The user doesn't want to take this action right now. STOP what you are doing and wait for the user to tell you how to proceed.

with is_error: true and toolUseResult: "Error: undefined". The model obeys the STOP and ends the turn, so every actively-working session silently dies ~10 minutes after the lid closes — all of them at once when several sessions are mid-turn. No prompt was ever shown, nothing was rejected by the user, and the affected tools (Read, Edit, Write, MCP calls) were all covered by "defaultMode": "bypassPermissions" and explicit permissions.allow rules.

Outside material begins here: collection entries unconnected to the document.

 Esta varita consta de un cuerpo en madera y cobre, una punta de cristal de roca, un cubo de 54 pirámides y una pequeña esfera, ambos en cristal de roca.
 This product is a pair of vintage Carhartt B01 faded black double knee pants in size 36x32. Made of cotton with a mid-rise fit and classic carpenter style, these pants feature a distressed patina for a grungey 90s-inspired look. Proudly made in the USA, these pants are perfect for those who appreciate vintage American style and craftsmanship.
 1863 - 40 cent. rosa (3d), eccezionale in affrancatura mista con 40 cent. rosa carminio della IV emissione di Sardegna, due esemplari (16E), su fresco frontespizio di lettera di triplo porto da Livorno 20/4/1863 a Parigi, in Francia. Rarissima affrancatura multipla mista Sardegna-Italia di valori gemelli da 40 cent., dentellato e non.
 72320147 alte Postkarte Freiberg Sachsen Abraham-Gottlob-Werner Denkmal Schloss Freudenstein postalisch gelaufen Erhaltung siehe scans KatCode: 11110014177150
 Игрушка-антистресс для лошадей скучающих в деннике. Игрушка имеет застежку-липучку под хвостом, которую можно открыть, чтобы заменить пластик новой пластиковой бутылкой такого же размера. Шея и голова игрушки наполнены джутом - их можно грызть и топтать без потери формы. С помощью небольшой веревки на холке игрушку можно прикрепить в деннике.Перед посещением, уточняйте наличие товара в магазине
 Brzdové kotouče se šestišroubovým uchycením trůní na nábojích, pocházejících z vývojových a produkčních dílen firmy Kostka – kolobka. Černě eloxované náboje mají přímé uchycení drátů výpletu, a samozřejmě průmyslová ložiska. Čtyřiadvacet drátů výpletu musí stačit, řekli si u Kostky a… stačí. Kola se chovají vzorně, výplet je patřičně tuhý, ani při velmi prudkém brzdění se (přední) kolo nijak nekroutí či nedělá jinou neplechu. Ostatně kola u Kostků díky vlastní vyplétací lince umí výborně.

This is the same defect previously reported in #65934 (there via VS Code code serve-web; same 600 000 ms timeout to the millisecond, same string, same toolUseResult: "Error: undefined"). #65934 was auto-closed as a duplicate of #35005, but #35005 is a different bug — see "Mis-dedup" below. As far as I can tell this defect is currently untracked.

Environment

  • Client: Claude Desktop for macOS 1.12603.1 (3df4fd, 2026-06-11 build); disconnect trigger = laptop lid close (sleep)
  • Remote: Linux VM (GCP, kernel 6.8.0-1060-gcp); Desktop remote runner under ~/.claude/remote/run/<id>/rpc.sock, session processes launched from ~/.claude/remote/ccd-cli/2.1.170; standalone CLI on the VM is 2.1.174
  • Permissions: "defaultMode": "bypassPermissions" in ~/.claude/settings.json, plus a broad permissions.allow list that includes bare Read, Edit, Write
  • Hooks: PreToolUse on Bash (dcg) and on AskUserQuestion only — neither matches the denied tools, and both emit their own distinct deny strings (verified; see "Ruled out")

Evidence

1. Every denial is exactly tool_use + 600.0 s

Sweep of all session transcripts on the VM (~/.claude/projects/*/*.jsonl): 25+ denial events across 19 sessions on 7 distinct days (2026-06-03 → 2026-06-12), every single one exactly 600.0xx s after its tool_use. Representative sample (UTC):

| Date | tool_use ts | deny ts | Δ | Tool | Session |
|---|---|---|---|---|---|
| Jun 12 | 07:59:16.073 | 08:09:16.089 | 600.016 s | Read (file in cwd) | e9891c6a |
| Jun 12 | 07:59:20.077 | 08:09:20.088 | 600.011 s | Read (file in cwd) | f34501a1 |
| Jun 11 | 16:04:53.454 | 16:14:53.488 | 600.034 s | Edit | 242fe0ab |
| Jun 11 | 16:07:11.886 | 16:17:11.900 | 600.014 s | Read | f08b6dfb |
| Jun 11 | 16:38:54.847 | 16:48:54.858 | 600.011 s | MCP (Linear save_comment) | a0a16a48 |
| Jun 10 | 12:44:51.157 | 12:54:51.184 | 600.027 s | Read | 9163f00d |
| Jun 09 | 16:22:05.772 | 16:32:05.786 | 600.014 s | Read | cab1b95f |
| Jun 08 | 06:55:17.834 | 07:05:17.846 | 600.012 s | Read | 3421ecc2 |

600.011–600.034 s, never less, never more — i.e. a 600 000 ms default timeout, not a human.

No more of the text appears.